◆ **SOURCE DATA**:
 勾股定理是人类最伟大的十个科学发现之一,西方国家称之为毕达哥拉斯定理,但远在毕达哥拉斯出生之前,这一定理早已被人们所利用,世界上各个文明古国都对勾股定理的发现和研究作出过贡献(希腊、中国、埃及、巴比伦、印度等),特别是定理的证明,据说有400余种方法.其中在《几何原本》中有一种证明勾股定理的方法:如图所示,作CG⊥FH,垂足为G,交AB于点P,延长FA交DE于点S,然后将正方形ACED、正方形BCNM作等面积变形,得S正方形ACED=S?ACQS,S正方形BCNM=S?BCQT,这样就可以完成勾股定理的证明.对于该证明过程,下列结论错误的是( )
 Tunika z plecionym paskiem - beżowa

--

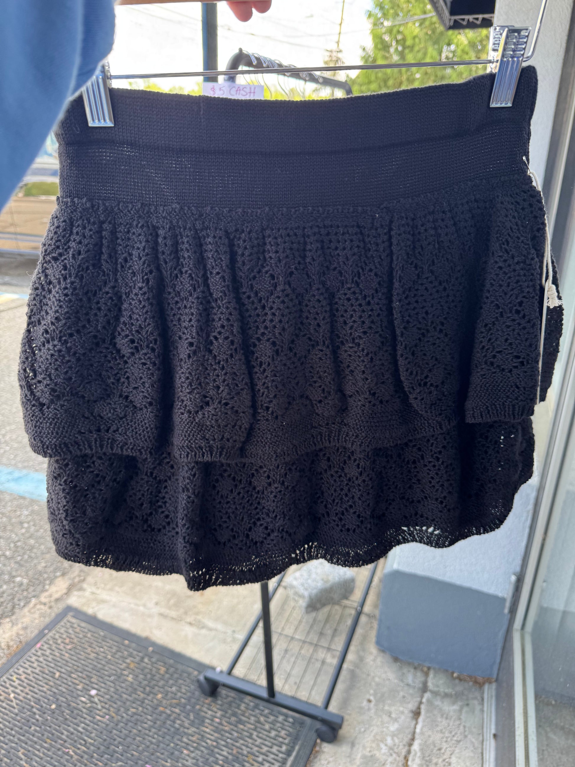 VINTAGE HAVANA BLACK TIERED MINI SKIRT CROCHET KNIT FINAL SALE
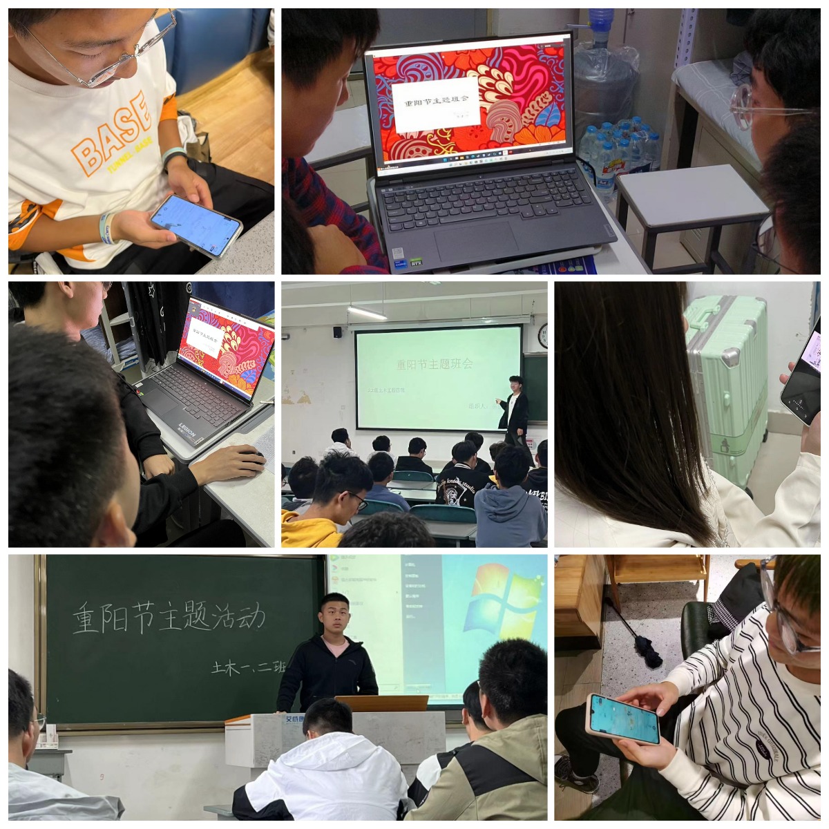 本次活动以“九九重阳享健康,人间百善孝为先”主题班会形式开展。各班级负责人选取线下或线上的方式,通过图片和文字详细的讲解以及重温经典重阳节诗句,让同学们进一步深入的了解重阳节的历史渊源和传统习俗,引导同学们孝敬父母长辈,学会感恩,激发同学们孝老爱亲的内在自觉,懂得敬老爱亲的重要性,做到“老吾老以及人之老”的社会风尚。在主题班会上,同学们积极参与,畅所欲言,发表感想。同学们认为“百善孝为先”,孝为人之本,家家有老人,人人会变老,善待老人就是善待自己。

◆ **WHAT YOU ARE ASKED TO DO**: Retype only the stretch of lines above starting at the one with "勾股定理是人类最伟大的十个科" and stopping at the one with "Tunika z plecionym paskiem - beżowa", exactly as written, with both kept.

◆ **ANSWER AREA**:
 勾股定理是人类最伟大的十个科学发现之一,西方国家称之为毕达哥拉斯定理,但远在毕达哥拉斯出生之前,这一定理早已被人们所利用,世界上各个文明古国都对勾股定理的发现和研究作出过贡献(希腊、中国、埃及、巴比伦、印度等),特别是定理的证明,据说有400余种方法.其中在《几何原本》中有一种证明勾股定理的方法:如图所示,作CG⊥FH,垂足为G,交AB于点P,延长FA交DE于点S,然后将正方形ACED、正方形BCNM作等面积变形,得S正方形ACED=S?ACQS,S正方形BCNM=S?BCQT,这样就可以完成勾股定理的证明.对于该证明过程,下列结论错误的是( )
 Tunika z plecionym paskiem - beżowa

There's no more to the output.